Brandywine reviews reopening plan
NILES — As the first day of school draws nearer, area school districts have been drafting plans to reopen their doors safely amid the COVID-19 pandemic. Monday, Brandywine Community Schools discussed those plans with the community.
Monday evening, the Brandywine Board of Education met virtually to discuss back-to-school plans in the wake of COVID-19. The meeting, which allowed for board and community comments, outlined the district’s plans for reopening under the different phases of Gov. Gretchen Whitmer’s MI Safe Start plan. Districts are required to submit three different plans for different stages of the state’s reopening — one for fully remote work, one for returning with strict restrictions and one with more relaxed protocols and additional flexibility — to the state by Aug. 15.
“A lot of work has gone into this plan, and it is based on ever-changing information,” said Brandywine Superintendent Karen Weimer, who noted that the plan was drafted with input from the Berrien County Health Department to follow all recommended guidelines. “We want this to be a safe and successful year for all of our students.”
Currently, the lower part of the state is in phase four of Whitmer’s MI Safe Start plan, which will require schools that are reopening to in-person learning to follow strict protocols to prevent the spread of COVID-19.
Under the district’s current plan for reopening, all staff and students, except for kindergarten through fifth-grade students, will be required to wear facial coverings indoors. All students, regardless of grade, will be required to wear a facial covering on the bus. Individuals who claim a medical exception to facial coverings will need to meet with school administration to provide rationale and documentation.
In addition to requiring facial coverings, Weimer said the schools would increase its hygiene and sanitization protocols with frequent cleanings, newly installed hand sanitizer locations and by encouraging staff and students to wash their hands with soap and water every two to three hours.
Though 6 feet of social distance is not feasible inside Brandywine classrooms, Weimer said students and staff would be kept at as great a distance as possible from others.
To help slow the spread of COVID-19, parents will be expected to take their student’s temperature and symptom check before they leave the house. If a student is ill, the parent will be expected to withhold their student from riding the bus or going to school.
Weimer said the district would continue to follow all protocols used in phase four in phase five, should the state move into phase five. She added that the district has also put plans where it can move to remote learning very quickly, should it be required to, and that remote learning is available for families who choose to opt for it.
“This is a lot, but eventually it will become routine for us,” Weimer said of the recommended changes. “Is it a lot? Yes. Is it something we can do? Most certainly. It’s going to take patience and all of us working together to do this.”
After Weimer concluded the plan’s presentation, several teachers spoke during public comment to express concerns about reopening during the pandemic.
Speaking first, reading specialist Debbie Carew expressed concerns about rising case numbers and the feasibility of enforcing facial coverings.
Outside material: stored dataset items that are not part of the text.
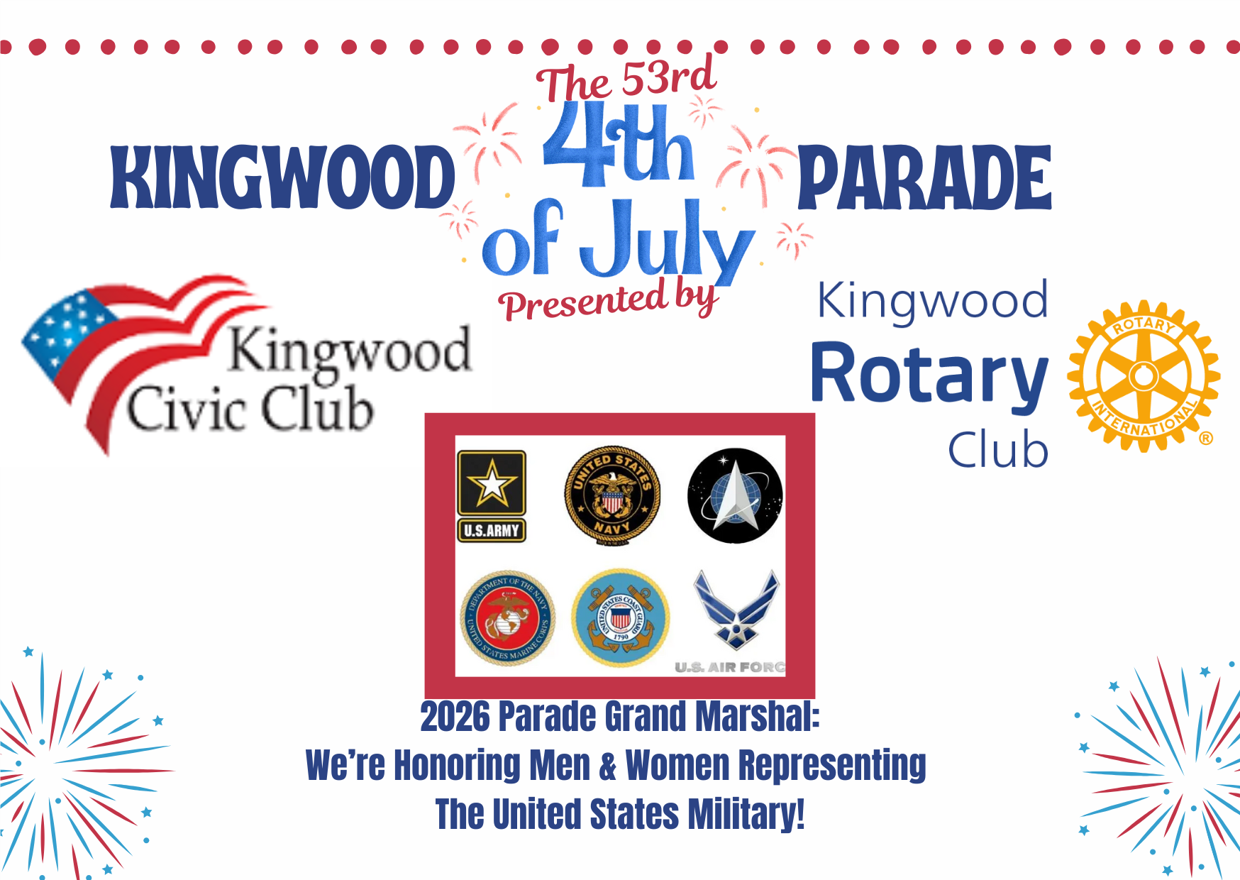 The Kingwood Civic Club is a 501(c)3 Charitable Organization and Kingwood Rotary Club is a 501(c)4 Community Service Organization. Together, we will once again be hosting the July 4th Parade this year.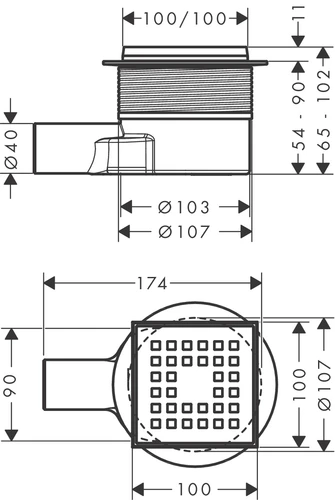 hansgrohe RainDrain Point Komplettset Punktablauf, 100x100, Edelstahl gebürstet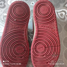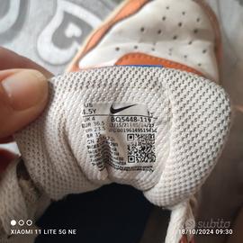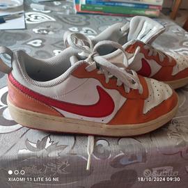 scarpe da ginnastica usate ma ancora in buone condizioni unisex sono bianche arancioni con il baffo rosso,segni di usura sono le pieghe che le scarpe della Nike fanno già dalla prima volta che le porti ,un piccolo segno dì usura vicino al laccetto come da foto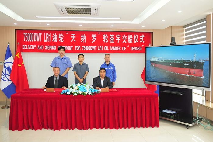 9月18日,Dynacom公司现场办经理Romeo Mustata先生,我集团副总经理兼新扬子造船总经理杜成忠先生分别代表双方签署交船文件。Romeo Mustata先生代表船东对该轮的建造质量和工艺给予高度赞赏。至此,我司为Dynacom船东建造的首批2艘75000DWT LR1型油轮项目顺利执行完毕。在此过程中双方形成了精诚协作、高效联动与互信支持的紧密关系,站在新的起点上,双方将积极推进下一个新项目尽快启动。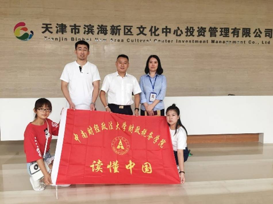 2018年8月10日上午,“北京、天津实践队”来到天津滨海文化中心拜访高治国董事长及相关负责人。会谈开始,张老师详细介绍了中南财经政法大学财政税务学院近年的发展历程、教学理念和目标,还着重介绍了“读懂中国——新时代青年党性培养质量工程”的具体情况及其社会影响。高治国董事长听后表示非常关心中南财经政法大学的发展,非常认可学院的活动理念,愿意提供支持,来助力活动顺利完成。他叮嘱中南大学子未来学习中以只争朝夕、时不我待的精神严格要求自己,珍惜大学时光,双方共同期待双基地的建设将成为两方加强沟通联系的桥梁和纽带。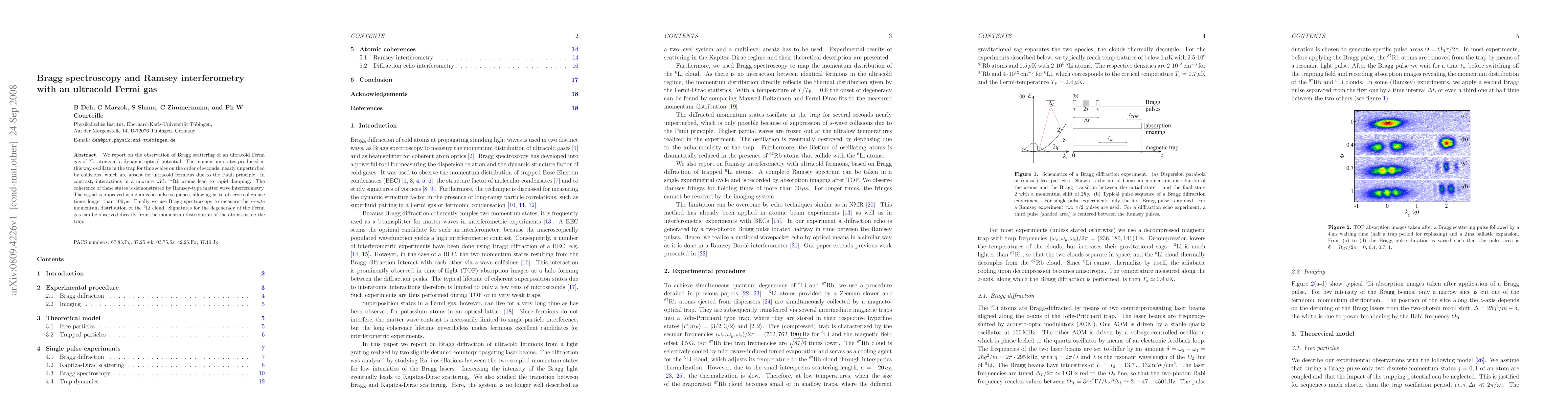 This paper reports on the use of Bragg scattering to manipulate ultracold Fermi gas of 6Li atoms, observing long-lived coherence times due to the absence of collisions among fermions. Ramsey interferometry with an echo pulse sequence demonstrates coherence, and Bragg spectroscopy reveals the momentum distribution, showing signatures of Fermi degeneracy.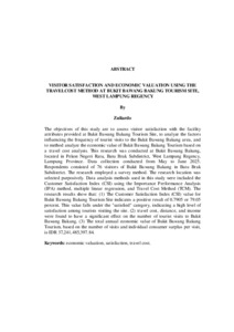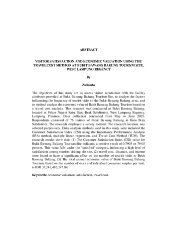 Tujuan pada penelitian ini untuk mengkaji kepuasan pengunjung terhadap atribut fasilitas yang dikeluarkan di Wisata Bukit Bawang Bakung, menganalisis faktorfaktor yang mempengaruhi frekuensi kunjungan wisatawan kawasan Wisata Bukit Bawang Bakung, dan menganalisis nilai ekonomi Wisata Bukit Bawang Bakung berdasarkan analisis biaya perjalanan Penelitian ini dilakukan di Bukit Bawang Bakung, Pekon Negeri Ratu, Kecamatan Batu Brak, Kabupaten Lampung Barat, Provinsi Lampung. Pengambilan data pada penelitian ini dilakukan pada Bulan Mei hingga Juni 2025. Responden adalah 76 pengunjung Bukit Bawang Bakung Kecamatan Batu Brak. Metode yang digunakan adalah metode survei. Penentuan lokasi penelitian dilakukan secara sengaja (Purposive). Metode analisis data yang digunakan adalah Customer Satisfaction Index (CSI) dengan metode Importance Performance Analysis (IPA), regresi linear berganda, dan metode biaya perjalanan. Hasil penelitian menunjukkan bahwa: (1) Nilai Customer Satisfaction Index (CSI) pada Wisata Bukit Bawang Bakung menunjukkan hasil yang positif dengan nilai sebesar 0,7905 atau 79,05%. Nilai ini masuk ke dalam kriteria "puas", yang mengindikasikan tingkat kepuasan yang tinggi dari para wisatawan yang berkunjung ke Wisata Bukit Bawang Bakung, (2) Faktor biaya perjalanan, jarak, dan pendapatan menunjukkan pengaruh yang signifikan terhadap jumlah kunjungan wisatawan ke Wisata Bukit Bawang Bakung, (3) Nilai ekonomi total per tahun untuk Wisata Bukit Bawang Bakung berdasarkan jumlah kunjungan dan surplus konsumen individu per kunjungan sebesar Rp37.241.485.397,84. Kata kunci : biaya perjalanan, kepuasan, valuasi ekonomi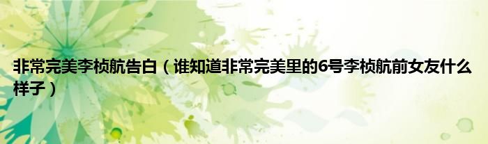 大家好,小常来为大家解答以上问题。非常完美李桢航告白,谁知道非常完美里的6号李桢航前女友什么样子很多人还不知道,现在让我们一起来看看吧!

She suggested starting the year virtually, as other districts in the state have done.
“This would offer us more time — time to watch for infection rates, time for this plan to be complete and for us to better equipped and prepared for the new face of in-person instruction,” Carew said. “Most importantly, to ensure no one in our Brandywine family and extended community has the unthinkable happen as a result of contracting this virus by rushing to come together too soon.”
Second-grade teacher Melissa Miller echoed Carew’s sentiments, adding that the lack of required facial coverings for elementary school children poses a risk.
“I know one of the arguments for students returning to school is that students need to socialize and students learn best in a classroom with their teacher. I fully believe this is true,” she said. “But with the extra precautions we need to take, the socialization we so desperately want our children to have is not going to be possible.”
Business teacher Sarah Dye said the new restrictions would make it challenging to conduct programs like Career and Technical Education, as they require collaboration and hands-on learning. She further raised concerns about safety and how parents and students would be held accountable for staying home when sick.
“I know this is ever-changing,” she said. “There are a lot of different people coming from different angles that have these concerns.”
Brandywine is currently scheduled to return to school Aug. 31.